第一百四十章 鏡緣
蘭水芙是最愛逛地攤玩,尤其是在這個架空歷史的異時空,好玩的東西數不勝數,每一樣東西都令蘭水芙興奮不已。在蘭水芙和尤憨來到炎日國的京城景雲城的第二天,尤憨就帶著蘭水芙在街上閑逛,景雲城與棲台城的風土人情頗有不同,有相似的地方,有迥異的地方。不知道為什麼,蘭水芙總覺得她對景雲城有一種莫名的熟悉感,好像在什麼時候來過這裡。可是她卻怎麼也想不起來,到底是什麼時候來的呢?
蘭水芙皺了皺眉頭,臉上的人皮面具全都擰到了一起,看的尤憨直搖頭,芙兒不知道在想些什麼,好像很糾結的樣子,有什麼想不通的呢?蘭水芙在心裡糾結了半天,最後得出一個自以為是的結論,她應該是在夢裡來過這個地方,因為她有一種魂牽夢繞的感覺。對!就是魂牽夢繞,從她一走進景雲城的時候,她就有一種回到母親懷抱的感覺,奇奇怪怪的,為什麼會這樣呢?蘭水芙一邊在街上閑逛一邊胡思亂想,小腦袋就沒有消停一會兒。

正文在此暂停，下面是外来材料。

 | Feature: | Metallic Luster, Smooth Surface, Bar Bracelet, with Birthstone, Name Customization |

哦對了!原來是這樣,蘭水芙猛然想起,自己這個身體原來的主人,就是炎日國皇室的九公主,回到從小就離開的故鄉,她怎麼不興奮?原來是這樣呀!想明白了這個問題,蘭水芙的心情愉悅了不少,整個人處在一種極度興奮的狀態。這個身體的故鄉,也是自己的故鄉,回到家了,應當高高興興的。哈哈哈!十六年了,我蘭水芙回來了!我不把這兒攪得天翻地覆。我誓不為人,把欠了我十六年的東西統統地討回來,哼!

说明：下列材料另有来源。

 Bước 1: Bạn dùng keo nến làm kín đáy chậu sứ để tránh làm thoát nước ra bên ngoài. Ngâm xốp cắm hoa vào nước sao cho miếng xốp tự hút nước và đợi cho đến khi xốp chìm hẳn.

尤憨一言不發的跟在蘭水芙的身後,看著蘭水芙一會兒笑嘻嘻的、一會兒皺著眉頭、一會兒咬牙切齒、一會兒眼睛咕嚕咕嚕直轉。他很是不明白,一個人怎麼可能在這麼短的時間裡。臉上會有這麼多的變化?表情太豐富了,都快趕上街頭唱雜耍的了。
在景雲城裡有一條街,專門賣一些真真假假的古董,當然是假的多,真的少,騙人的把戲天天在這條街上上演,老百姓見怪不怪了。誰要是真的在這條街上買到了真正的古董,那才稀奇呢!街上擺攤開店的。十有**都是騙子,這是景雲城公開的秘密了。

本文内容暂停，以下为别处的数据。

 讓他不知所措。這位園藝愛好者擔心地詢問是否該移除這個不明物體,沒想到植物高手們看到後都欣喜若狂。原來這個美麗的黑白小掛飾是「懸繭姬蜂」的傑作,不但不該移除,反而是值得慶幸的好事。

古玩街的名字叫「撿寶貝」,顧名思義,運氣好的人,可以在這條街上撿到寶貝,運氣差的,當然就自認倒霉了。當然!這個世上誰會承認自己運氣差呢?個個都自認為自己鴻運當頭,是很有機會發財的。所以古玩街上天天都有前來撿寶貝的人。街上人頭攢動,那是相當熱鬧,蘭水芙在尤憨的帶領下。來到古玩街,看到的就是一個人山人海的場景。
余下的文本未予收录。